■ What is required: Every record that follows should be written out word for word; the pictures stay out.

[[ Source information open ]]

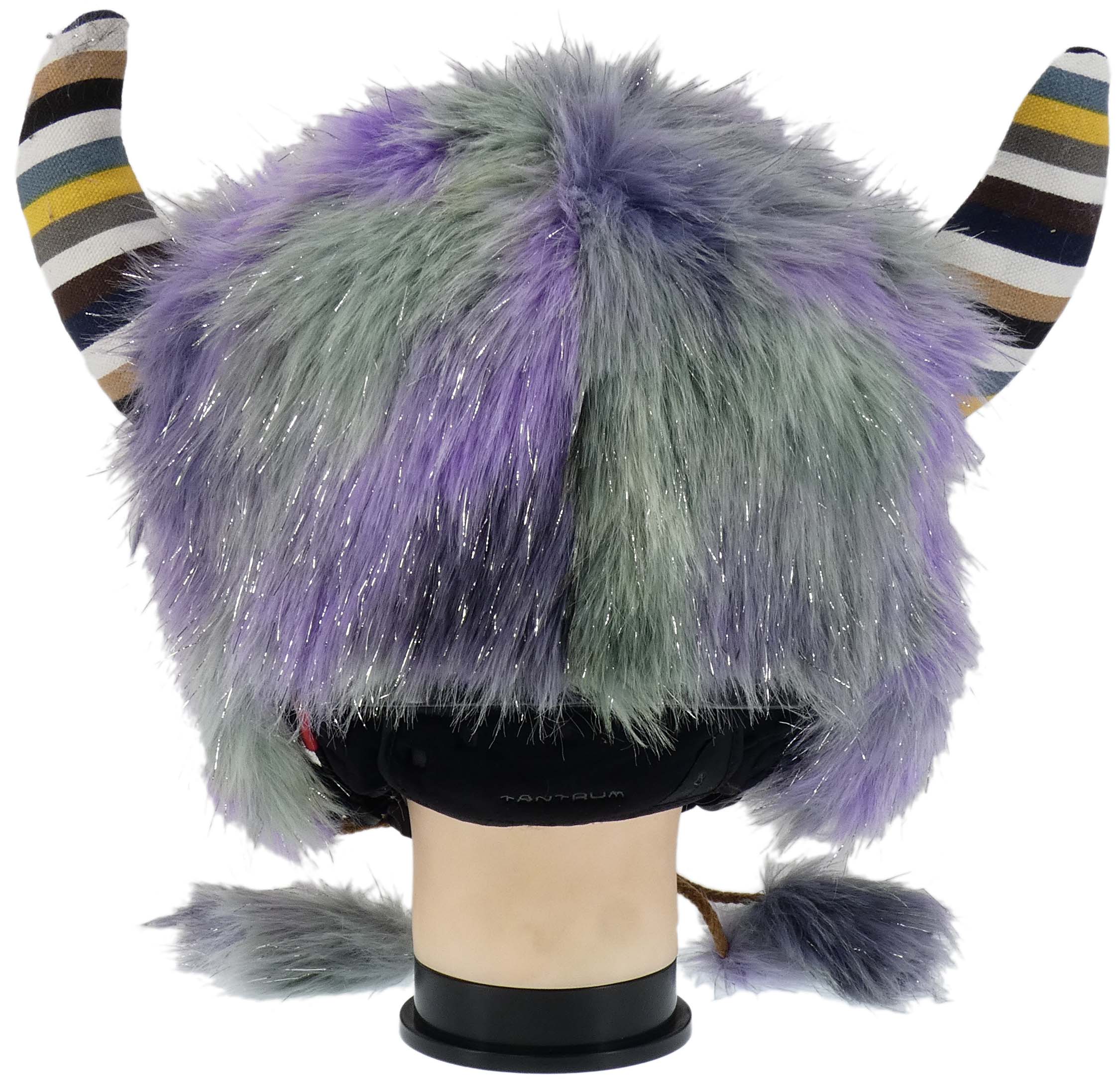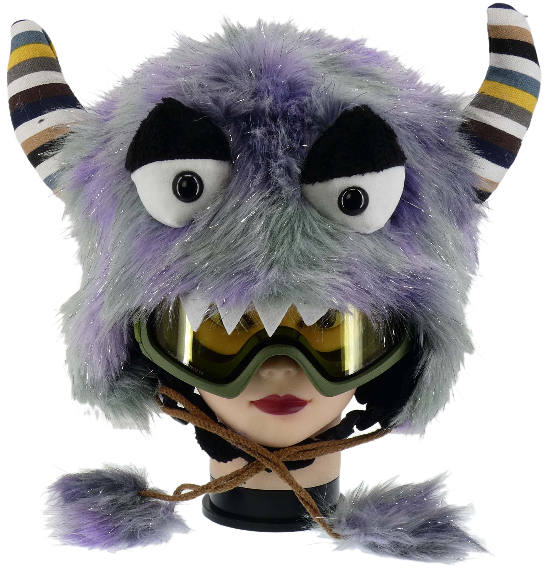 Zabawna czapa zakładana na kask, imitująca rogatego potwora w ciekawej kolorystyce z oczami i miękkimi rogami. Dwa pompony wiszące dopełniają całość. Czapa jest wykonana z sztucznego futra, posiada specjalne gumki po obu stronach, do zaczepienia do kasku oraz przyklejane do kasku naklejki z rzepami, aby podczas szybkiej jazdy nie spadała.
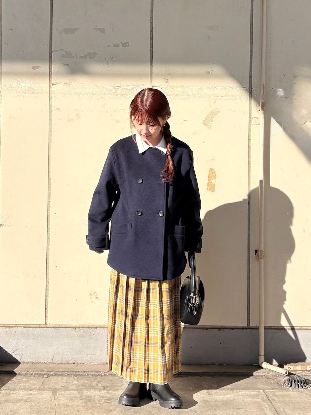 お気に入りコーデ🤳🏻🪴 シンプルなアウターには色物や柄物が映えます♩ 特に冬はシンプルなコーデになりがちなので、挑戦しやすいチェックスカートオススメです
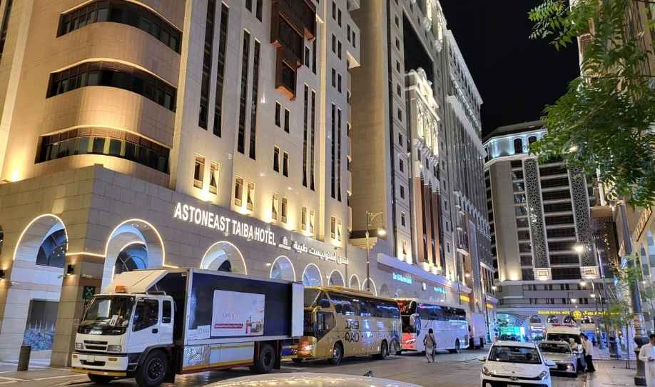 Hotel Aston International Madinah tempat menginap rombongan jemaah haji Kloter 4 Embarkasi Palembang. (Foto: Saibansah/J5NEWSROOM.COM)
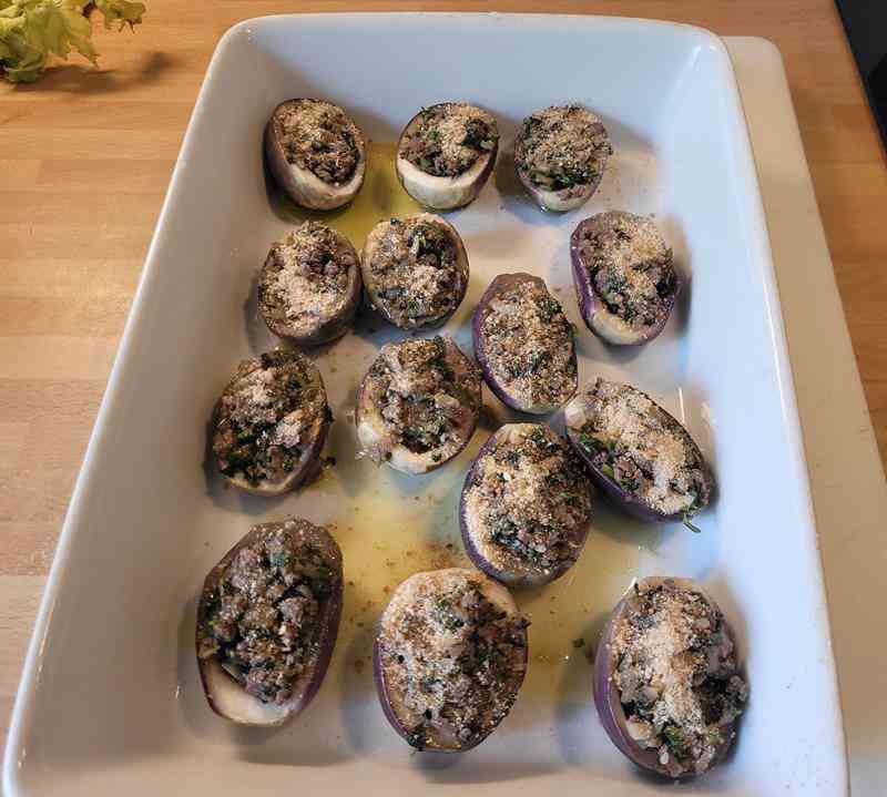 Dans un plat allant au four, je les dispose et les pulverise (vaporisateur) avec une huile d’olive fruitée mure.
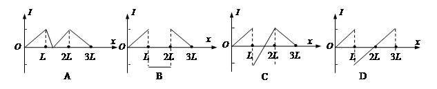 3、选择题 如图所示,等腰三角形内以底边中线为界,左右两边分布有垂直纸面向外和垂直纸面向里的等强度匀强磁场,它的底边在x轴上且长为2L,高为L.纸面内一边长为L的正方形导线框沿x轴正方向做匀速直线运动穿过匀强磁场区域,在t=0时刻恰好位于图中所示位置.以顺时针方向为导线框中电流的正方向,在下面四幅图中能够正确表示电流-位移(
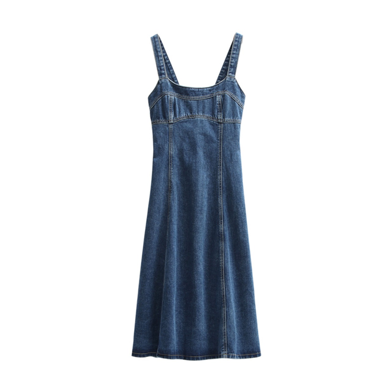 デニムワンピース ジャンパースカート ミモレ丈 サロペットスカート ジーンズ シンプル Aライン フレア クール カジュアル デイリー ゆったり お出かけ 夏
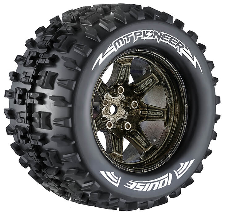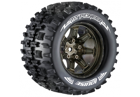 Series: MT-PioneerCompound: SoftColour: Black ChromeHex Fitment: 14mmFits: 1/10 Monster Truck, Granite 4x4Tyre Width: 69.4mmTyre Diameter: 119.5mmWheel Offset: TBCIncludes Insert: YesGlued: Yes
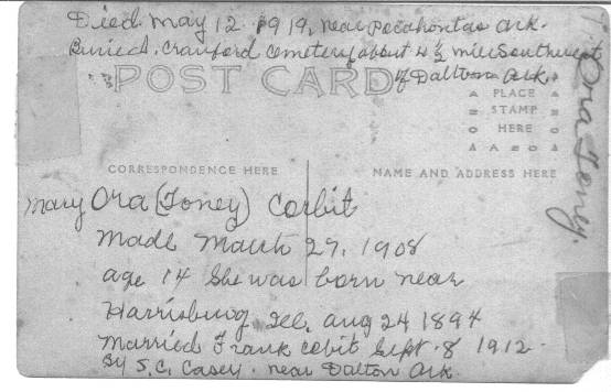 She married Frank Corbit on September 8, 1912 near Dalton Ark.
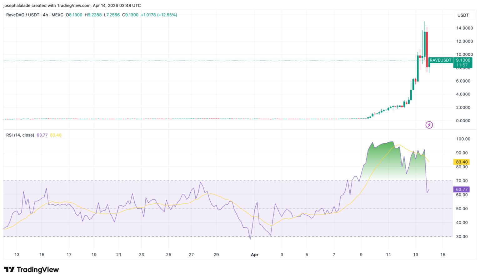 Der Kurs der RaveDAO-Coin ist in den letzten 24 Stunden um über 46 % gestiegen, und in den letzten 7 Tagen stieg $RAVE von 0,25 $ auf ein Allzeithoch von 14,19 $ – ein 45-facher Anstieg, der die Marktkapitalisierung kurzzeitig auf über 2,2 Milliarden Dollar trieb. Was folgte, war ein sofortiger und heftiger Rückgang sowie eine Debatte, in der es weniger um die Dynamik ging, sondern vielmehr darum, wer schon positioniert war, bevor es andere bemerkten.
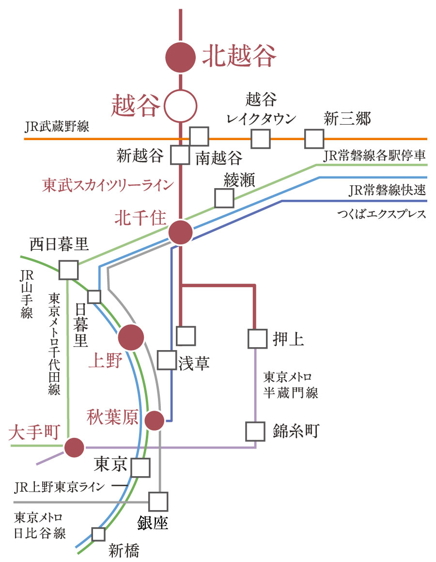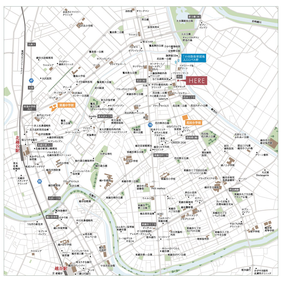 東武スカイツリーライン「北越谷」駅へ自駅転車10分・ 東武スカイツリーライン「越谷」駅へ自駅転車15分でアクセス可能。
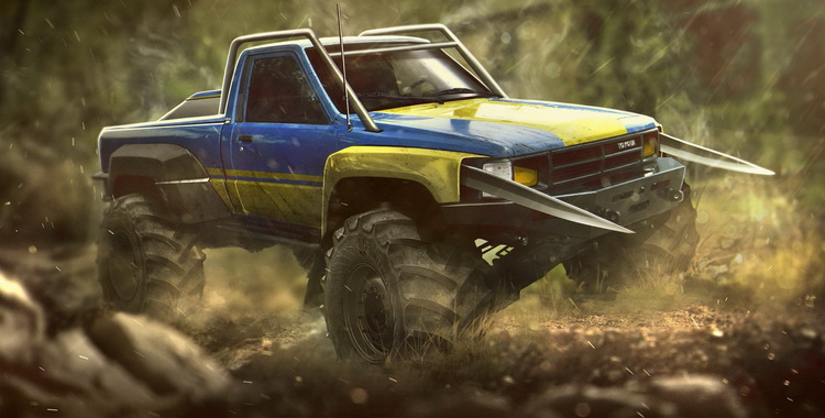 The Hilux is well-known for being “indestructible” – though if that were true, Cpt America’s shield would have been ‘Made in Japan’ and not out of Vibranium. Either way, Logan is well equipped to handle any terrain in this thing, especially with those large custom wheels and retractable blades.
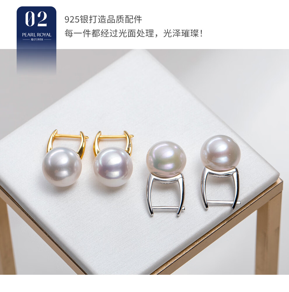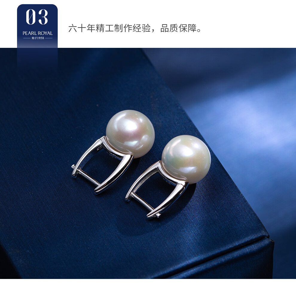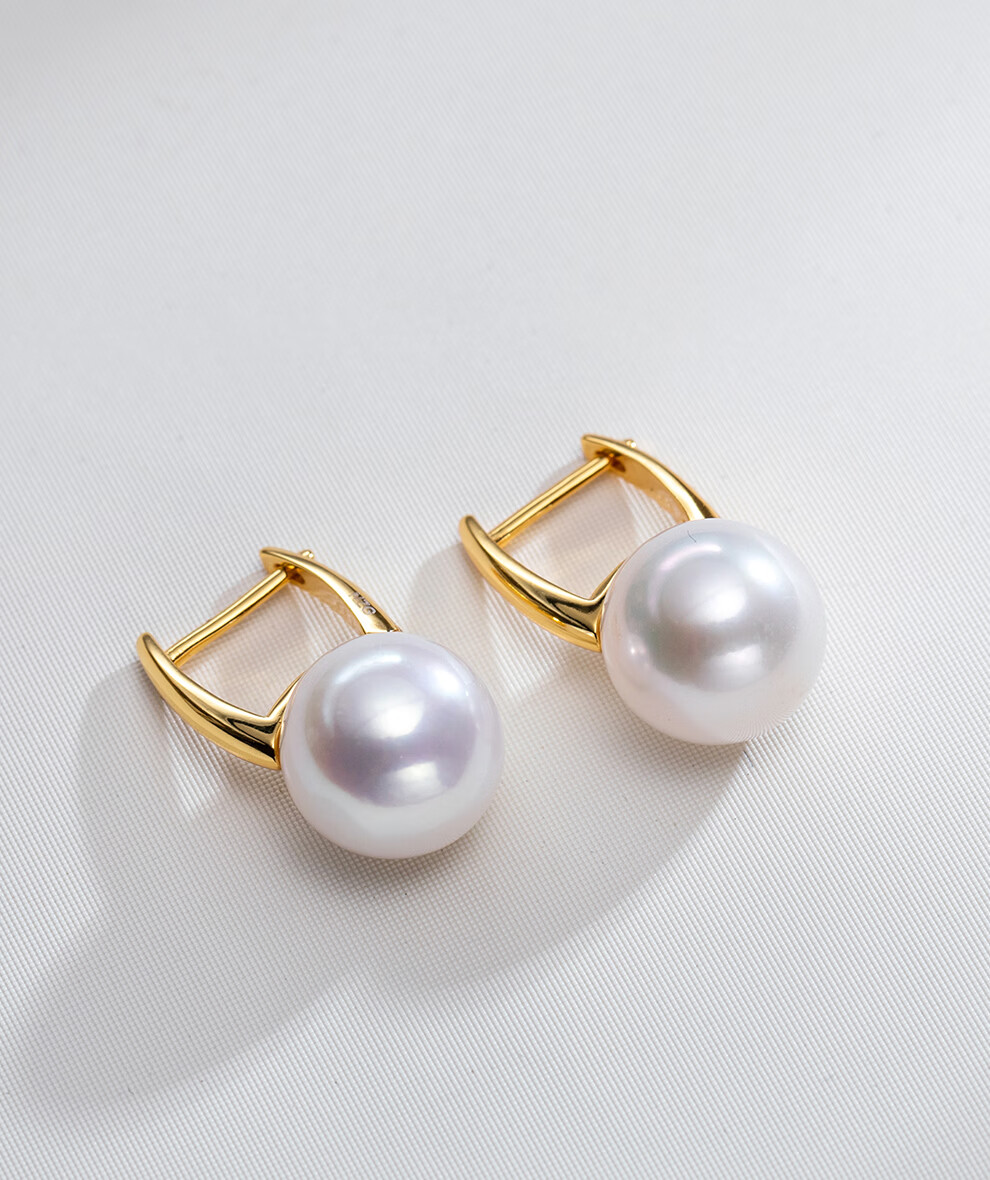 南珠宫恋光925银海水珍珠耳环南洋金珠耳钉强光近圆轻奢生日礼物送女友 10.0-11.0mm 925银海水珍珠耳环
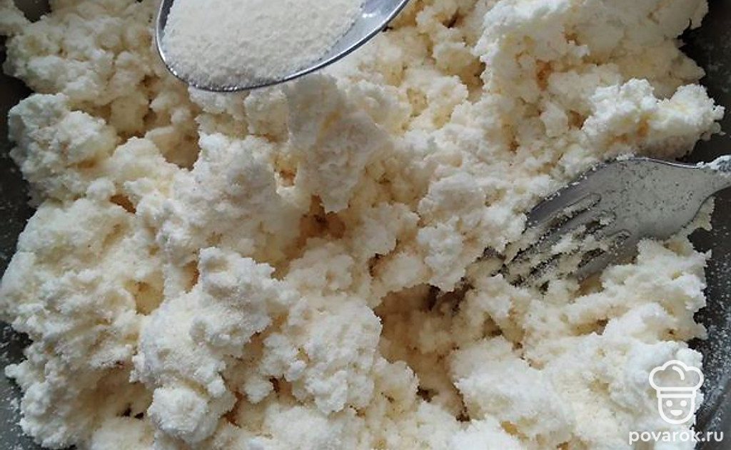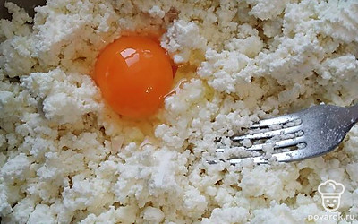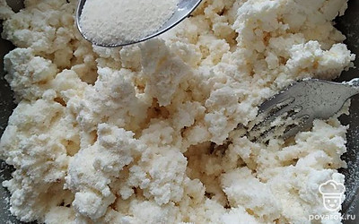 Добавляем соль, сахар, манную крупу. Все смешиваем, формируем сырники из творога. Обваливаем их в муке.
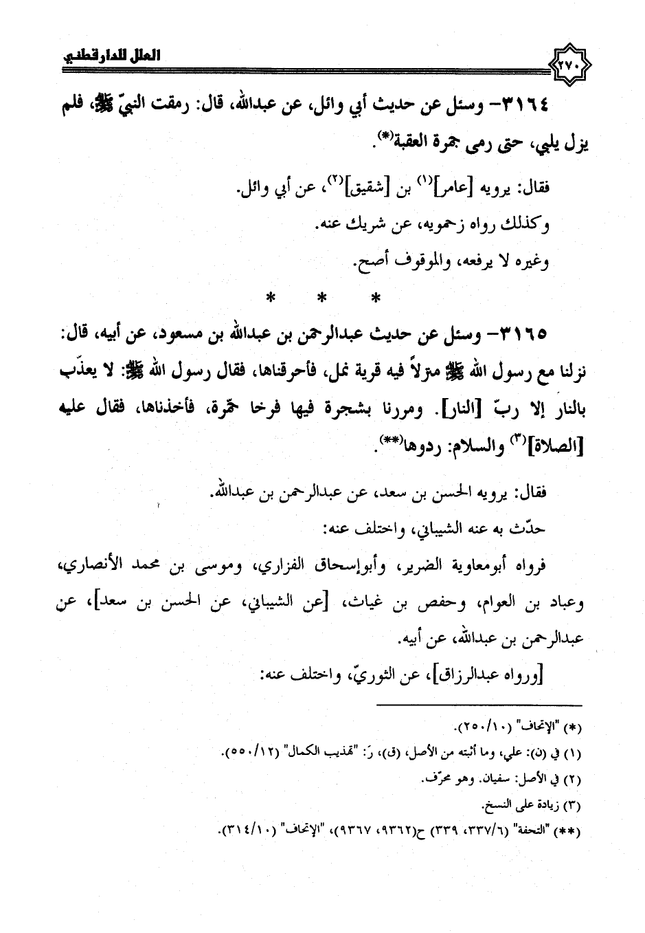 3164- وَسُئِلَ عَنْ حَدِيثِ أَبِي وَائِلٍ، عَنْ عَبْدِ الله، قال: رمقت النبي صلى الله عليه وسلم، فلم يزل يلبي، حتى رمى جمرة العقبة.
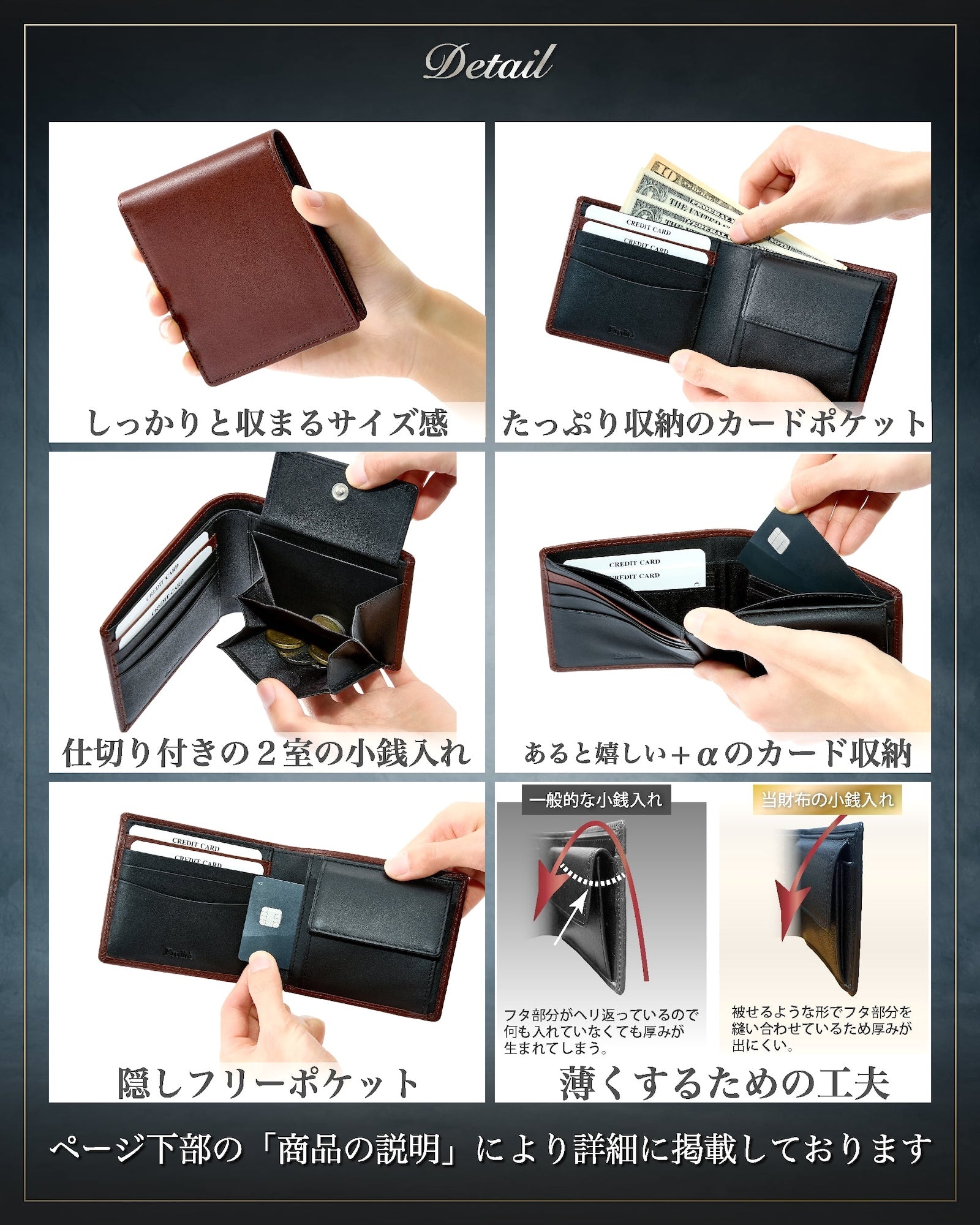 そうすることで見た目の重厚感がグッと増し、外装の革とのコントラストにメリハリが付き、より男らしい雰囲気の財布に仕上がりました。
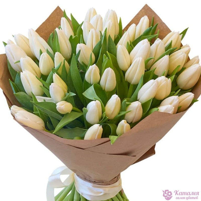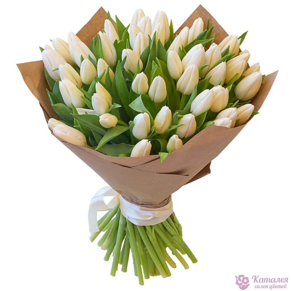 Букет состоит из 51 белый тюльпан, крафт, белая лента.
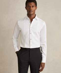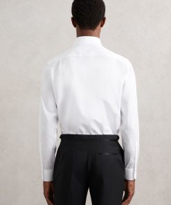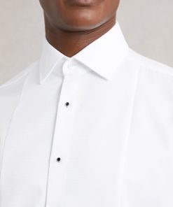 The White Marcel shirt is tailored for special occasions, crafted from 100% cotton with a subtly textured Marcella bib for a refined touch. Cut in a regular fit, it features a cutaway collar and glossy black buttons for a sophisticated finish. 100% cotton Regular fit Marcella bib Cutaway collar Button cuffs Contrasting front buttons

[[ Source information closed ]]

■ Reply:
 Zabawna czapa zakładana na kask, imitująca rogatego potwora w ciekawej kolorystyce z oczami i miękkimi rogami. Dwa pompony wiszące dopełniają całość. Czapa jest wykonana z sztucznego futra, posiada specjalne gumki po obu stronach, do zaczepienia do kasku oraz przyklejane do kasku naklejki z rzepami, aby podczas szybkiej jazdy nie spadała.
 お気に入りコーデ🤳🏻🪴 シンプルなアウターには色物や柄物が映えます♩ 特に冬はシンプルなコーデになりがちなので、挑戦しやすいチェックスカートオススメです
 Hotel Aston International Madinah tempat menginap rombongan jemaah haji Kloter 4 Embarkasi Palembang. (Foto: Saibansah/J5NEWSROOM.COM)
 Dans un plat allant au four, je les dispose et les pulverise (vaporisateur) avec une huile d’olive fruitée mure.
 3、选择题 如图所示,等腰三角形内以底边中线为界,左右两边分布有垂直纸面向外和垂直纸面向里的等强度匀强磁场,它的底边在x轴上且长为2L,高为L.纸面内一边长为L的正方形导线框沿x轴正方向做匀速直线运动穿过匀强磁场区域,在t=0时刻恰好位于图中所示位置.以顺时针方向为导线框中电流的正方向,在下面四幅图中能够正确表示电流-位移(
 デニムワンピース ジャンパースカート ミモレ丈 サロペットスカート ジーンズ シンプル Aライン フレア クール カジュアル デイリー ゆったり お出かけ 夏
 Series: MT-PioneerCompound: SoftColour: Black ChromeHex Fitment: 14mmFits: 1/10 Monster Truck, Granite 4x4Tyre Width: 69.4mmTyre Diameter: 119.5mmWheel Offset: TBCIncludes Insert: YesGlued: Yes
 She married Frank Corbit on September 8, 1912 near Dalton Ark.
 Der Kurs der RaveDAO-Coin ist in den letzten 24 Stunden um über 46 % gestiegen, und in den letzten 7 Tagen stieg $RAVE von 0,25 $ auf ein Allzeithoch von 14,19 $ – ein 45-facher Anstieg, der die Marktkapitalisierung kurzzeitig auf über 2,2 Milliarden Dollar trieb. Was folgte, war ein sofortiger und heftiger Rückgang sowie eine Debatte, in der es weniger um die Dynamik ging, sondern vielmehr darum, wer schon positioniert war, bevor es andere bemerkten.
 東武スカイツリーライン「北越谷」駅へ自駅転車10分・ 東武スカイツリーライン「越谷」駅へ自駅転車15分でアクセス可能。
 The Hilux is well-known for being “indestructible” – though if that were true, Cpt America’s shield would have been ‘Made in Japan’ and not out of Vibranium. Either way, Logan is well equipped to handle any terrain in this thing, especially with those large custom wheels and retractable blades.
 南珠宫恋光925银海水珍珠耳环南洋金珠耳钉强光近圆轻奢生日礼物送女友 10.0-11.0mm 925银海水珍珠耳环
 Добавляем соль, сахар, манную крупу. Все смешиваем, формируем сырники из творога. Обваливаем их в муке.
 3164- وَسُئِلَ عَنْ حَدِيثِ أَبِي وَائِلٍ، عَنْ عَبْدِ الله، قال: رمقت النبي صلى الله عليه وسلم، فلم يزل يلبي، حتى رمى جمرة العقبة.
 そうすることで見た目の重厚感がグッと増し、外装の革とのコントラストにメリハリが付き、より男らしい雰囲気の財布に仕上がりました。
 Букет состоит из 51 белый тюльпан, крафт, белая лента.
 The White Marcel shirt is tailored for special occasions, crafted from 100% cotton with a subtly textured Marcella bib for a refined touch. Cut in a regular fit, it features a cutaway collar and glossy black buttons for a sophisticated finish. 100% cotton Regular fit Marcella bib Cutaway collar Button cuffs Contrasting front buttons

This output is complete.